Work instructions
Images should not appear in the copy, yet every line of the listing below must be printed exactly.

The data
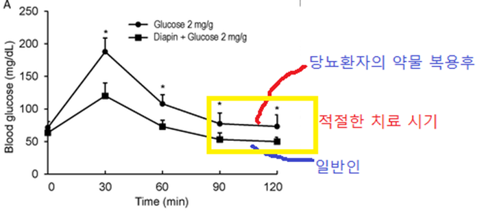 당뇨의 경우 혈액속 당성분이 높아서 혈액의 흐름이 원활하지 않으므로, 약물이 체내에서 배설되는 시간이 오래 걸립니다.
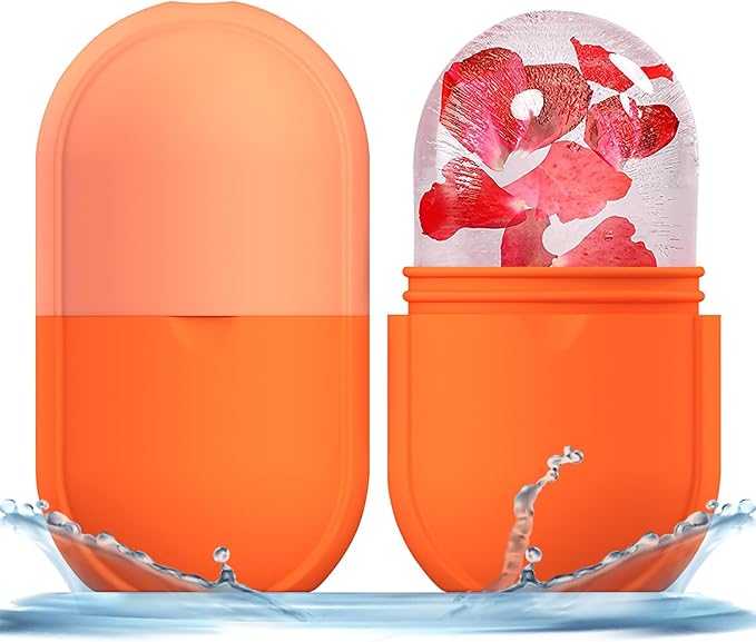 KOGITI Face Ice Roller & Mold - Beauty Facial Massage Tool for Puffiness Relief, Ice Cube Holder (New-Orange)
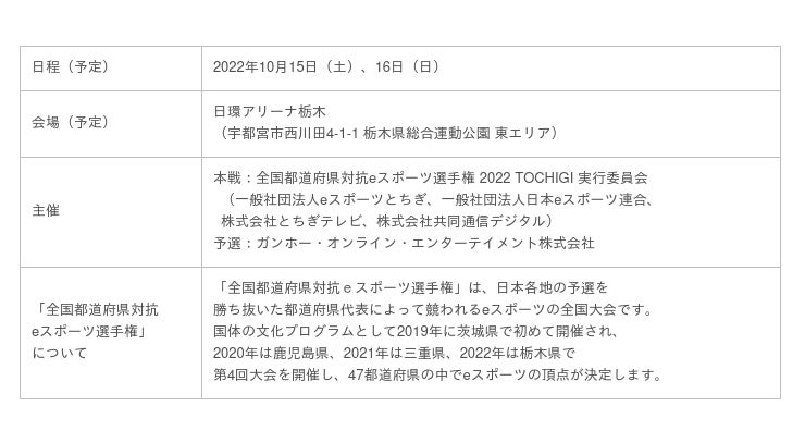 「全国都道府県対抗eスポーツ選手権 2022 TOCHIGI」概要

Output below
 당뇨의 경우 혈액속 당성분이 높아서 혈액의 흐름이 원활하지 않으므로, 약물이 체내에서 배설되는 시간이 오래 걸립니다.
 KOGITI Face Ice Roller & Mold - Beauty Facial Massage Tool for Puffiness Relief, Ice Cube Holder (New-Orange)
 「全国都道府県対抗eスポーツ選手権 2022 TOCHIGI」概要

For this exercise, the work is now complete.